Sophia ist nun genau eine Woche bei uns. Wie ich finde, ist sie mit der Hündin von der Ankunft am Flughafen nicht mehr zu vergleichen. Welche Überraschung bei der Abholung, Sophia ist viel kleiner als gedacht (ca. 42 cm klein/groß). Sie frißt und frißt..... und nimmt schön zu. Heute wurde sie bei unserer Tierärztin gewogen, 12,95 kg!!! So nun möchte ich über Sophia berichten. Die Kleine ist den Umständen entsprechend schon recht fit. Längere Spaziergänge sind leider noch nicht möglich, sie muss erst Muskeln aufbauen. Sie bekommt gerade Schmerzmittel, könnte auch sein, durch den Beckenbruch hat sie eventuell Schmerzen. Wir werden es mit den Schmerzmitteln testen. Zuhause ist sie sehr lieb und umgänglich, versteht sich gut mit meinen beiden Patras-Hunden (Jester & Fuchur). Da ich mit den beiden länger laufe, bleibt sie so lange alleine. Das funktioniert ohne Probleme. Sie bellt so gut wie gar nicht, quietscht wenn ich von der Arbeit nach Hause komme. Bei den noch kurzen Spaziergängen läuft sie gut an der Leine und zieht auch nicht. Sie war schon nach zwei Tagen stubenrein, zeigt an wenn sie raus muss. Sophia ist weder ängstlich, noch unterwürfig. Bei neuen Situationen (wie heute beim Tierarzt) klemmt sie das Schwänzchen ein. Katzen ignoriert sie, wir hatten inzwischen 3 x Katzenkontakt. Die Maus wird etwas Jagdtrieb entwickeln (ist ja auch Jagdhund mit drin). Nase auf dem Boden, wenn sie eine Spur aufgenommen hat, möchte sie da auch folgen. Sie ist so ein Schatz, möchte am liebsten den ganzen Tag geknuddelt und gestreichelt werden, drückt sich dann ganz an einen. OK, sie ist verfressen... aber sie kann es auch vertragen. Sie muss schon noch ein bisschen zunehmen. Ach ja, das Sofa hat sie jetzt auch erobert.

 

 

 

Update 19.01.2015

Sophia, ca. 4 - 5 Jahre alt, ca. 45 cm groß, kastriert

Sophia wurde in Patras von einem Auto angefahren, das Auto fuhr einfach weiter und lies sie verletzt liegen. Zum Glück wurde eine tierliebe Frau auf sie aufmerksam und hat Sophia in das Tierheim gebracht.

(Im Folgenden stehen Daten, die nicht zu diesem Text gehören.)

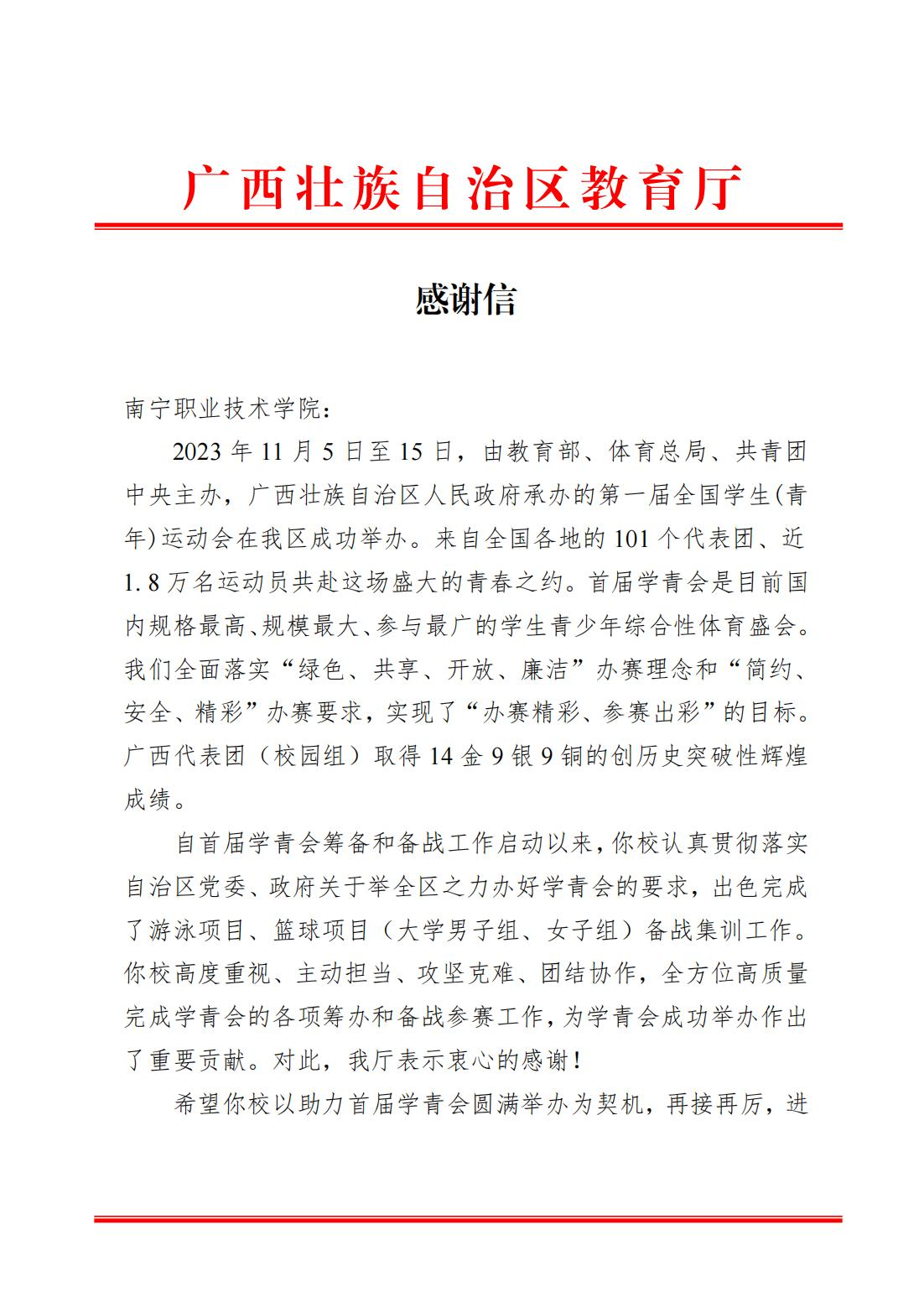 近日,自治区教育厅向必赢官网发来感谢信,感谢必赢官网为第一届全国学生(青年)运动会(简称“学青会”)的成功举办和各项目备战参赛工作作出重要贡献。

Sie wurde von einem Tierarzt untersucht und es stellte sich heraus, dass das Becken gebrochen war, das war der Grund warum sie nur noch sehr schlecht laufen konnte.Daraufhin wurde sie operiert und musste danach leider wieder ins Tierheim zurück, was für die Genesung natürlich kein geeigneter Ort ist :-( Zum Glück merkt man ihr inzwischen nichts mehr an beim Laufen, soweit man das von den kurzen Gängen zum Zwinger und zurück beurteilen kann. Bei ihrem Zustand würde man denken, sie sei an Leishmaniose oder Ähnlichem erkrankt, dies ist zum Glück nicht der Fall: alle Blutergebnisse (Leishmaniose, Ehrlichiose, Babesiose und Dirofilarien) waren negativ. Es ist einfach wieder einmal so ein Fall, ein Hund der für das Tierheim einfach viel zu sensibel ist und deshalb dort Zugrunde geht. Wir hatten Sophia nie zuvor gesehen im Tierheim, sie hat sich wohl immer nur in ihre Hütte im Zwinger zurückgezogen, sie hatte Angst vor all dem Lärm. Als sie nun für das Fotoshooting herausgeholt wurde, habe ich sie jetzt zum ersten Mal gesehen und war erschrocken, in welch schlimmen Zustand sie ist :-( Sie war glücklicherweise gar nicht ängstlich als sie aus dem Zwinger raus war, man sieht es auf den Fotos.